TASK TO CARRY OUT: Reproduce word for word the line holding "Where are you? AWOL? No excuse, Sir!" and all lines after it in the data, through the end, leaving out pictures.

DATASET CONTENT:
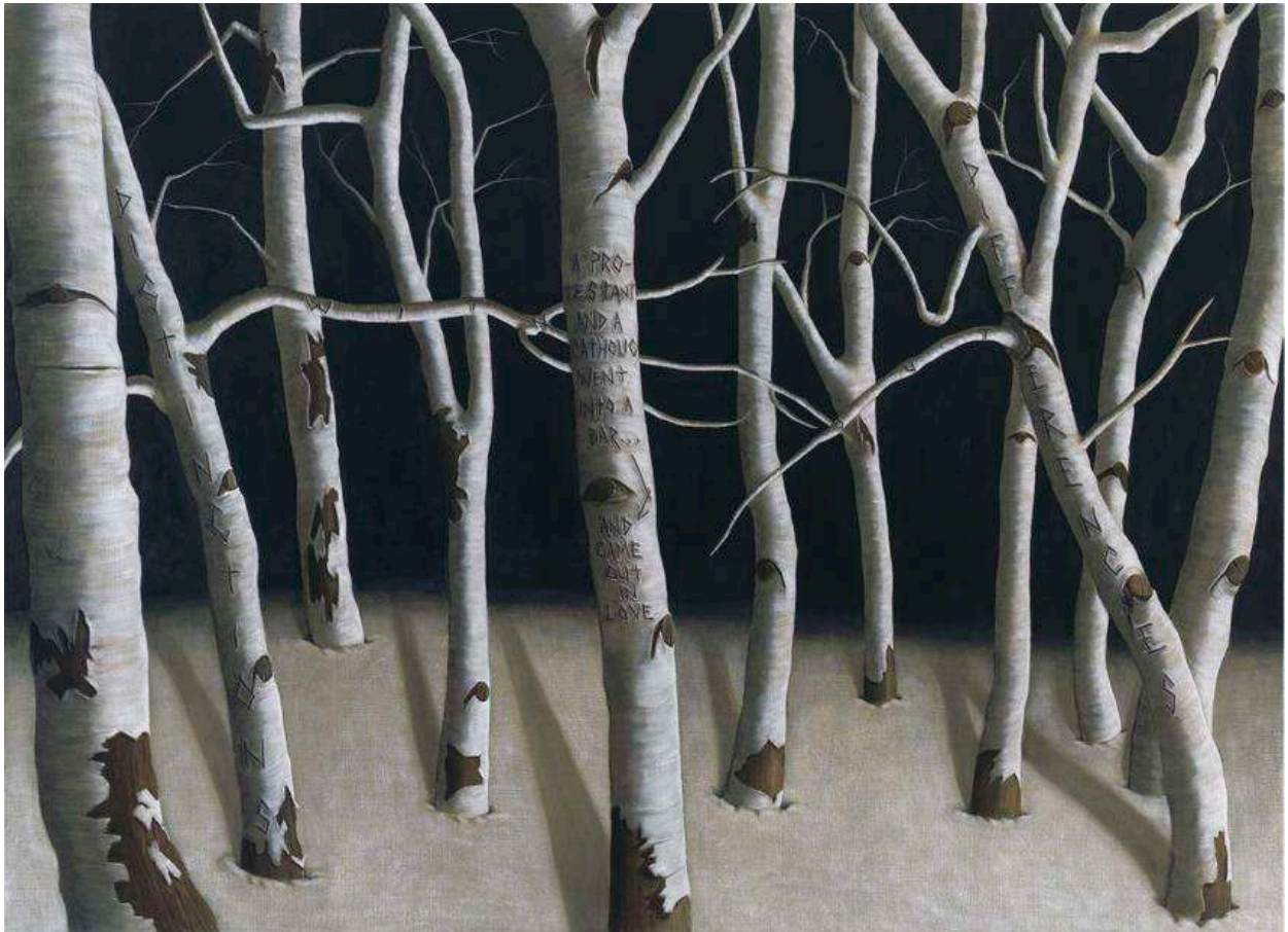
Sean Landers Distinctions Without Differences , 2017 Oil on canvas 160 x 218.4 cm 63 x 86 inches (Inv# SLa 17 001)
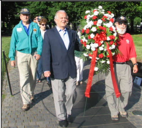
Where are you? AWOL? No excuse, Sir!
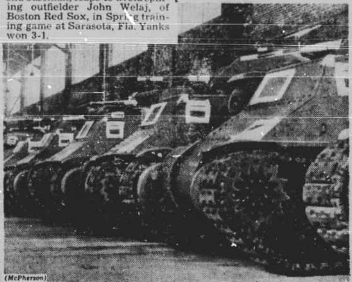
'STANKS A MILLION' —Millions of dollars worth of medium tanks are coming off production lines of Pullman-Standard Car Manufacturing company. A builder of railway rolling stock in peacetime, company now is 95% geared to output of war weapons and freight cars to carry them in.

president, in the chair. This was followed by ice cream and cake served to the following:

ANSWER TO THIS TASK:
Where are you? AWOL? No excuse, Sir!
'STANKS A MILLION' —Millions of dollars worth of medium tanks are coming off production lines of Pullman-Standard Car Manufacturing company. A builder of railway rolling stock in peacetime, company now is 95% geared to output of war weapons and freight cars to carry them in.

president, in the chair. This was followed by ice cream and cake served to the following:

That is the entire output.